Term	What people say	What it actually means
Model	"The AI"	A mathematical function with learnable parameters that maps inputs to outputs
Training	"Teaching the AI"	Running an optimization algorithm to adjust model parameters so predictions match known outputs
Feature	"An input column"	A measurable property of the data that the model uses to make predictions
Label	"The answer"	The known output for a training example, used to compute the error signal
Hyperparameter	"A setting you tweak"	A parameter set before training that controls the learning process (learning rate, number of layers)

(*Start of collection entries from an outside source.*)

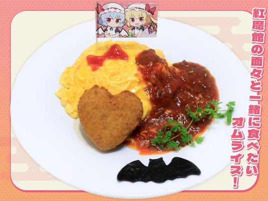 レミリアとフランのあまぁ~いハートコロッケとメイド長・咲夜 特製オムライス ~血のナポリタンソースがけ~
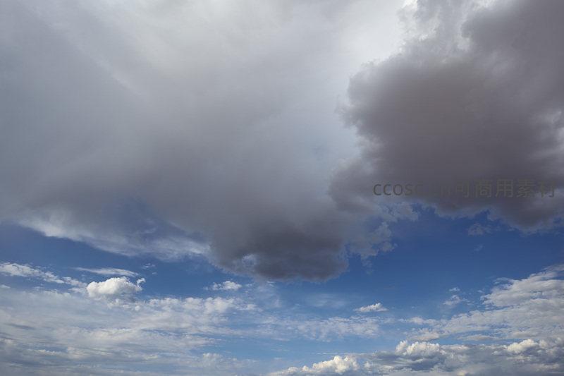 蔚蓝天空中,洁白蓬松的云朵与深灰色积雨云层交相辉映,光影变幻间展现出大自然瞬息万变的壮美景象。
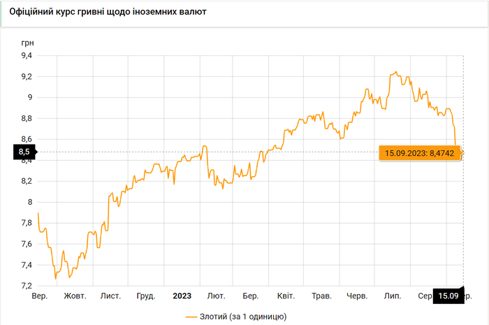 Национальный банк Украины обновил курсы валют на 15 сентября 2023 года.
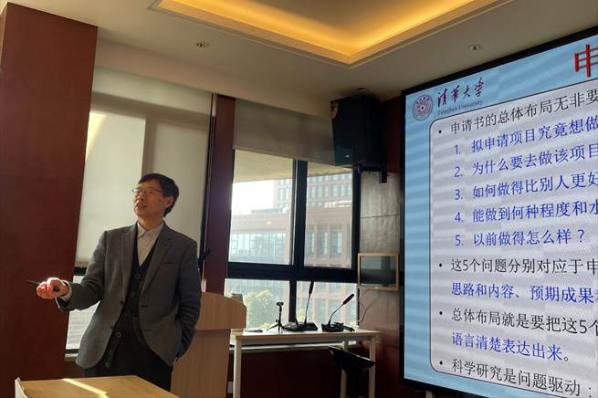 朱永法教授从多年的科研经历和基金项目申报经验出发,围绕四个方面展开详细讲解:一是国家自然科学基金申请书的布局与提纲;二是申请书编写与完善的关键环节;三是基金项目评审过程中的核心关注点;四是基金委人才项目申报的特点和注意事项。通过详实的案例分析与生动的讲解,朱教授为在场教师提供了宝贵的指导建议,现场气氛热烈。
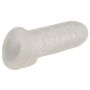 Deze unieke accessoire is ontworpen om je penis snel en eenvoudig te vergroten met maar liefst 1,3 cm in zowel dikte als lengte. De elastische, transparante sleeve glijdt moeiteloos over je penis en past perfect dankzij de stimulerende groeven aan de binnenkant. Deze groeven zorgen niet alleen voor een heerlijke wrijving, maar bieden ook een anti-slip effect, zodat je je geen zorgen hoeft te maken over de sleeve tijdens de meest intense momenten van genot.
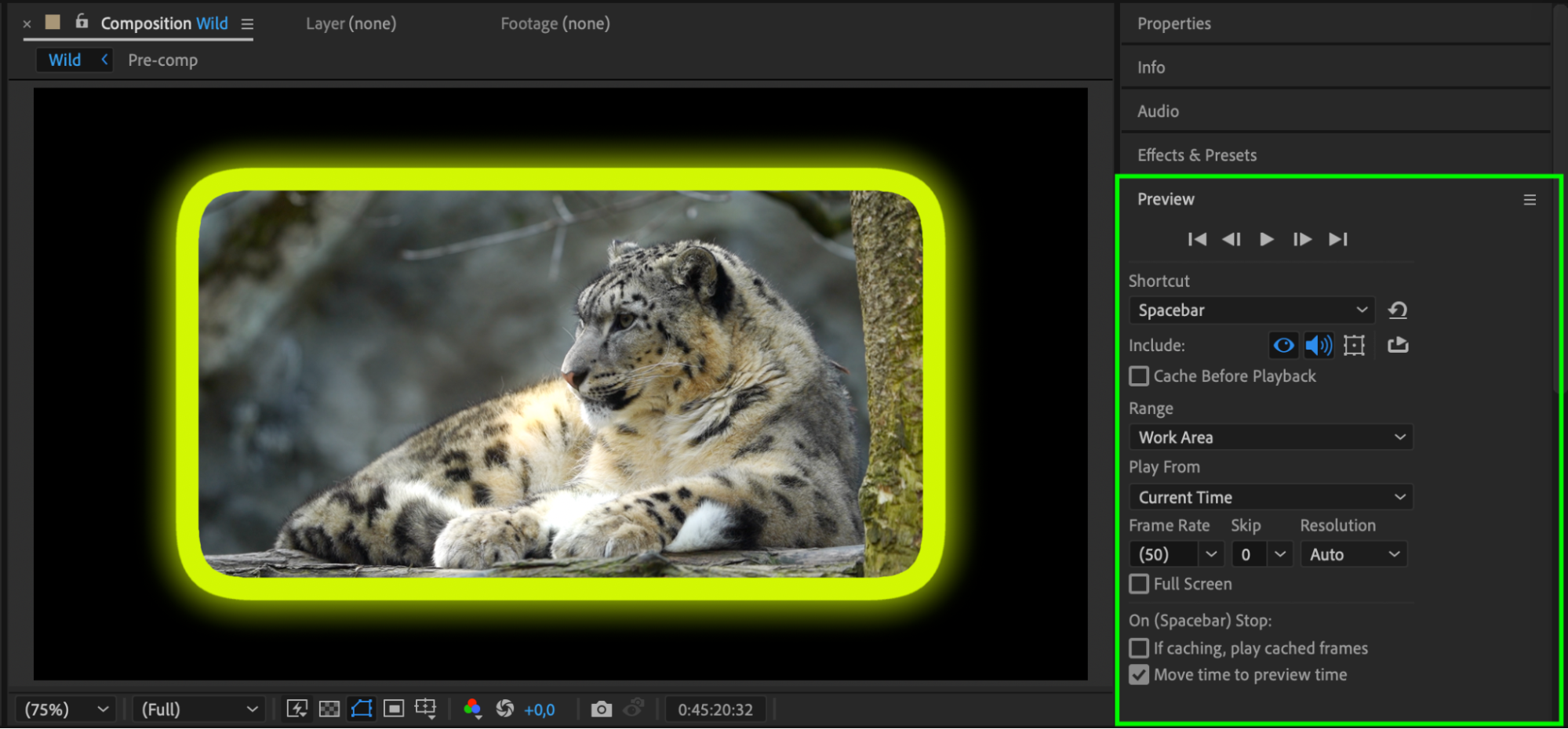 Press the Spacebar to preview the video with the border effect. Make any necessary tweaks to the color, size, or additional effects.

Loss function	"How wrong the model is"	A function that measures the gap between predicted and actual outputs, which training tries to minimize
Overfitting	"It memorized the test"	The model learned training-specific noise instead of general patterns, so it fails on new data
Underfitting	"It didn't learn anything"	The model is too simple to capture the real patterns in the data
Generalization	"It works on new data"	The model's ability to make accurate predictions on data it was not trained on
Cross-validation	"Testing on different chunks"	Repeatedly splitting data into train/test folds and averaging results, giving a more robust performance estimate
Regularization	"Keeping weights small"	Adding a penalty term to the loss function that discourages overly complex models
Data drift	"The world changed"	The statistical distribution of incoming data shifts over time, degrading model performance

Exercises

Take any dataset (e.g., Iris, Titanic). Split it 70/15/15 into train/validation/test. Explain why you should not tune hyperparameters on the test set.
List three real-world problems. For each one, identify whether it is classification, regression, or clustering, and whether it is supervised or unsupervised.
A model gets 99% accuracy on training data but 60% on test data. Diagnose the problem and list three things you would try to fix it.